Friday, January 25, 2013

Thing #1

The easiest one for me is  7 1/2 "Play", I love to play video games, watch T.V.  and have what I like to call "me time"(which mostly involves me skipping off to my own little world where I can image what ever I want...I like to daydream...Don' you?" For as long as I can remember I have been more interested in play time then doing schoolwork and even housework. But my play time is actually what first sparked my thoughts at wanting to be a teacher. Growing up there were five years between my older sister and  5 and 6 years between the younger two. My older sister didn't want anything to do with me once she hit her teen years and the younger ones were always off playing with their friends and well I didn't want to play with them either, so I played by myself mostly. I had some old literature and math books that I got from a library sale for a couple cents and had a mirror and a white board marker. I would teach and read to an invisible class full of eager eyed young students, I would grade their papers and have parent conferences. I continued with this from 8 years old onto about 12. But the spark to teach had taken root in my heart and even though at this point I was a pretty horrible student, I knew that I wanted to be a teacher. And as I grew up a little more and got into high school the spark became a growing flame and actually brought me to this point. Besides all work and no play makes for a very horrible day!

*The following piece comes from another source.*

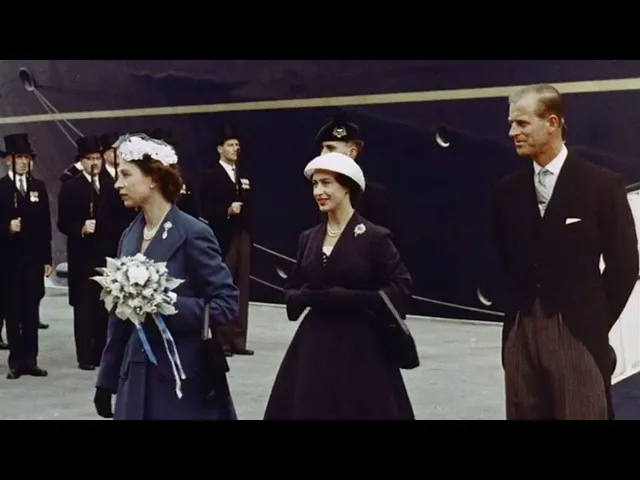 Colourful commemoration of Royal Yacht Britannia's majestic visit to Leith in 1956, courtesy of Messrs Joseph and J Arthur Rank.
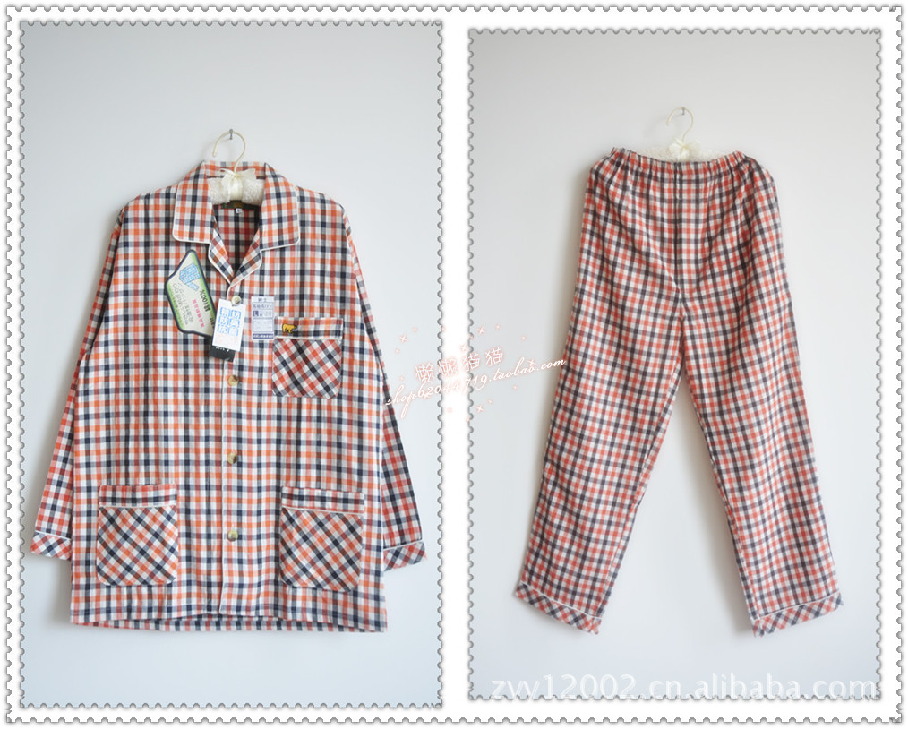 批發零售代發 日系原單外貿男士純棉紅格子長袖睡衣套裝居家服

The hardest would have to be #3 "View problems as challenges." Often when something arises that looks like its going to set me back I get frustrated. I see it as another thing that has gone wrong, as if there is some higher power telling me that I am on the wrong path, that the dream of being a teacher that I have had for the last 17 years is not what I should be doing. As much as I try not to let things get me down when they come up it makes me feel like I have chosen wrong. I sometimes think "Why have I chosen this path? How am I going to help someone learn and get the education they need? What happens if I mess up?" Its not so easy for me to look at something and go "Alright a little speed bump, no big deal, just got to get it done and then I will be on better ground." But then again I usually make mountains out of mole hills...its something I'm still working on.